Important Note: This is a batch transcription system - you hold F9 to record, and transcription happens when you release. This design choice is based on Whisper's architecture, which is optimized for processing complete audio segments rather than real-time streaming.
Whisper models are designed for high-accuracy transcription of complete speech segments, not real-time streaming. This application embraces that limitation to provide:
- 95%+ accuracy with sufficient audio context
- Complete sentence understanding
- Proper punctuation and capitalization
- No chunky or incorrect partial transcriptions
Coming Soon: A parallel version using Vosk for true real-time streaming transcription is in development.
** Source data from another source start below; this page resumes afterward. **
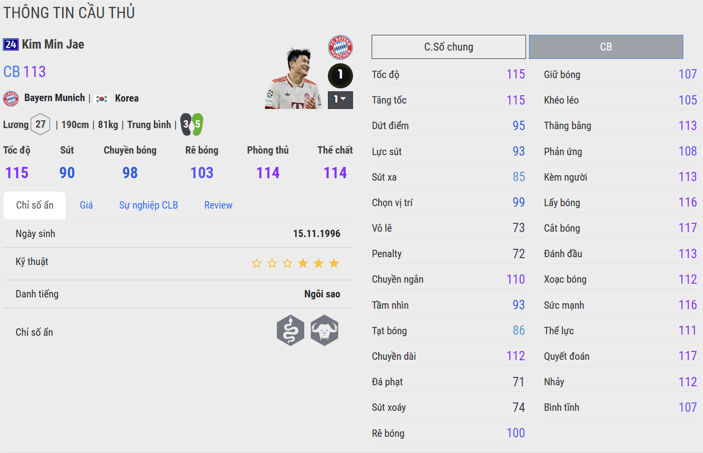 Mùa thẻ 24UCL của Kim Min-Jae hiện đang cho thấy hiệu quả của 1 trong những trung vệ hay nhất mùa 24UCL khi sở hữu nhiều ưu điểm nổi bật đặc biệt là tốc độ và sự linh hoạt. Vậy cụ thể chi tiết mùa thẻ này ra sao, hãy cùng tìm hiểu ở bài viết dưới đây
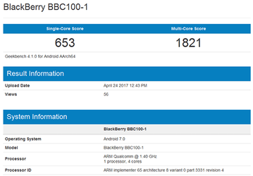 Результаты смартфона BlackBerry BBC100-1 появились в тесте Geekbench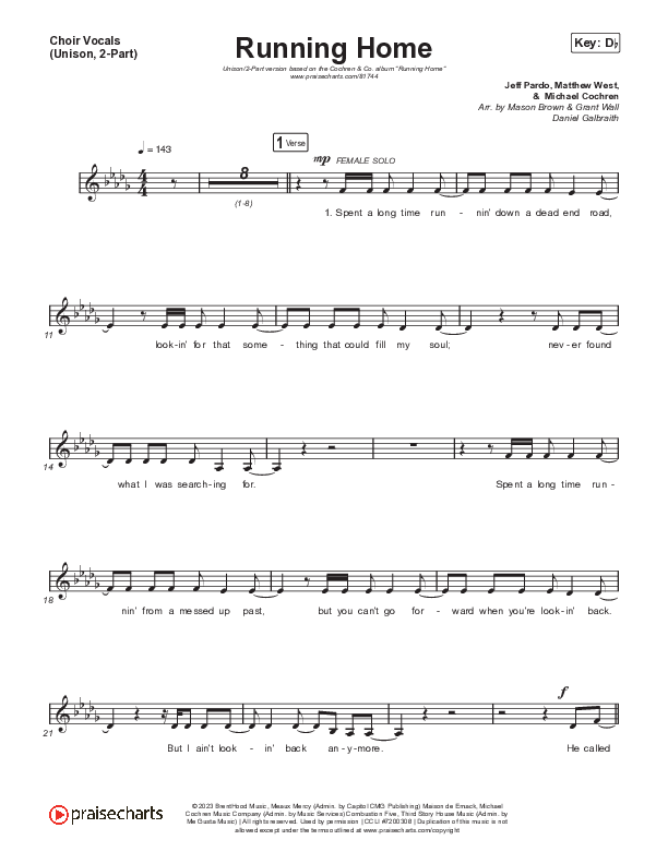 Download the PDF sheet music for Running Home (Unison/2-Part) by Cochren & Co / Arr. Mason Brown, from the album Running Home. This song was arranged by Mason Brown / Daniel Galbraith / Grant Wall in the key of Db.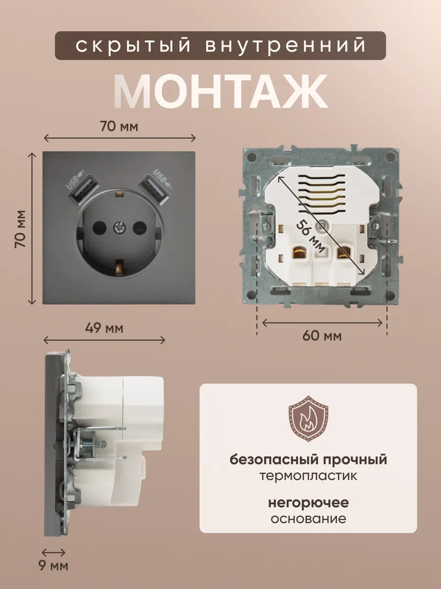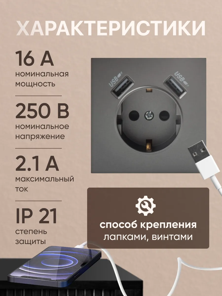 Однопостовая розетка - это типовой вариант модуля для простого подключения электроприбора к сети электропитания. Современная модель розетки с двумя USB на 5 вольт представляет собой интерфейс между электрической проводкой в стене и вилкой прибора. Она оборудована защитным шторками, выполнена с заземлением. Качественное изделие предназначено для скрытой установки в стандартный круглый подрозетник, а также квадратный. Встроенный механизм со степенью защиты IP21 предназначен для напряжения в 250В и силы тока в 16А, выполнен с корпусом квадратной формы: высотой 7 см и шириной 7 см, с глубиной 3.5 см. Заземляющий контакт обеспечивает дополнительную защиту от удара электрическим током.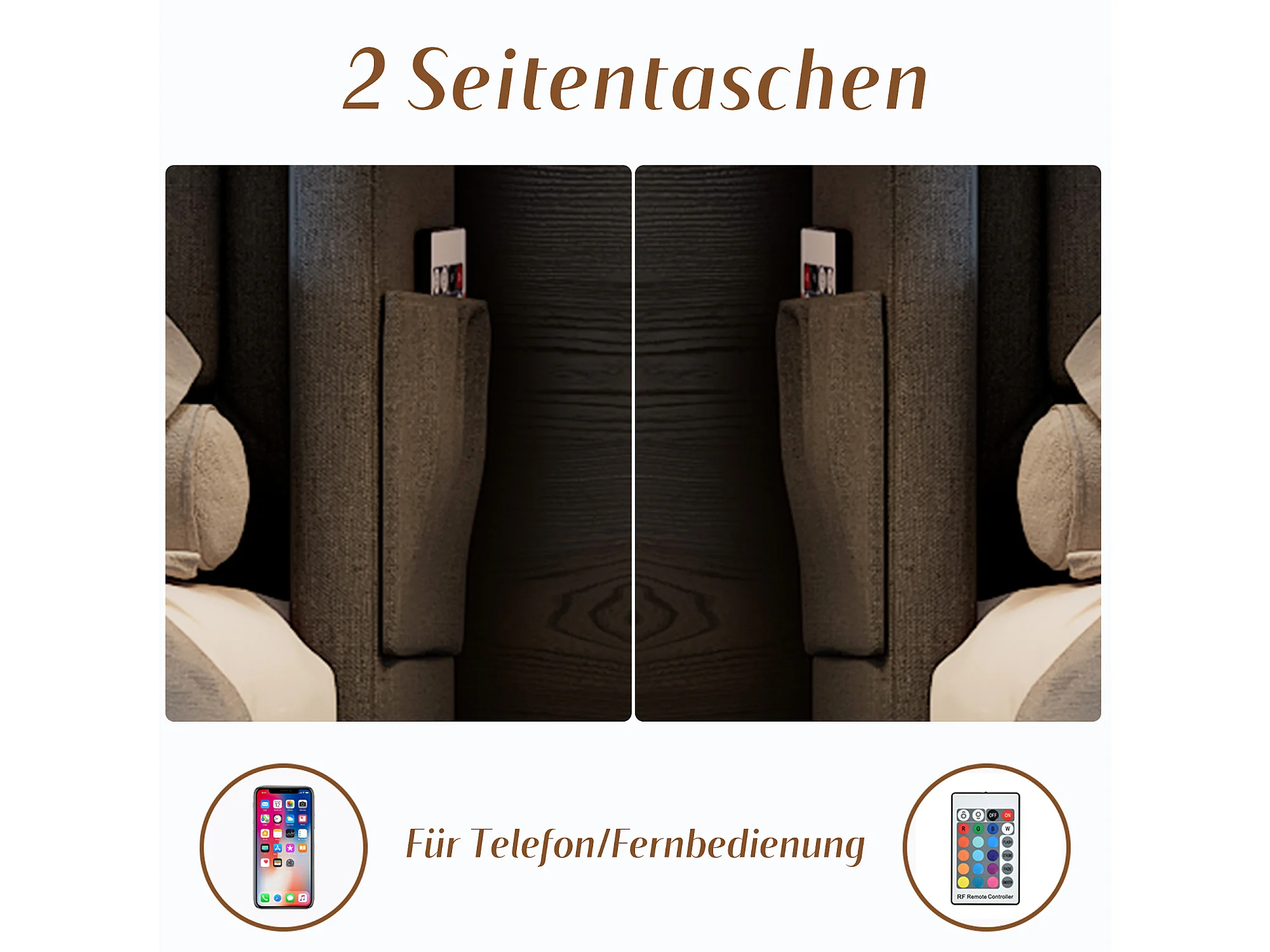 Lit double 160x200 avec tête de lit LED et port USB-C, avec 4 tiroirs de rangement, sommier en bois et métal, gris, (220x168x106 cm)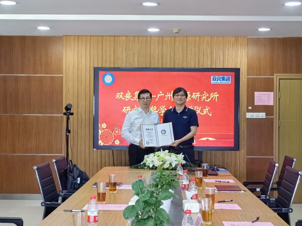 会上,双方还举行了“双良集团-广州能源研究所碳中和奖学金”捐赠仪式。黄宏宇为缪文彬颁发奖学金捐赠证书,并对缪文彬慷慨助学致以诚挚的感谢。

- 🎤 Push-to-Talk Interface: Hold F9 to record, release to transcribe
- 🚀 GPU Accelerated: CUDA support for NVIDIA GPUs
- 🎯 Local Processing: No cloud dependencies, all transcription happens locally
- 📝 Direct Text Input: Types transcribed text at cursor position in any application
- 🎮 System Tray Application: Runs quietly in background with settings window
- 🔧 Model Selection: Choose from Tiny, Base, Small, or Medium Whisper models
Omar Sharif as Melchisidek (the translator) in "The 13th Warrior" [1999]
Component | Technology |
---|---|
Language | F# (.NET 10) |
UI Framework | Avalonia 11 |
GPU Support | CUDA 12 via Whisper.NET |
Voice Engine | Whisper.NET (whisper.cpp bindings) |
Transcription Mode | Batch processing (push-to-talk) |
Target Hardware | NVIDIA RTX GPUs |
- Hold F9: Start recording audio
- Speak: Your speech is buffered locally
- Release F9: Audio is sent to Whisper for transcription
- Text appears: Transcribed text is typed at your cursor position
This batch lacks the "smoothness" of multi-threaded streaming transcription like most expect due to phone VTT behavior that's commonplace. This approach is based on whisper model behavior that uses this approach to ensure accurate transcription.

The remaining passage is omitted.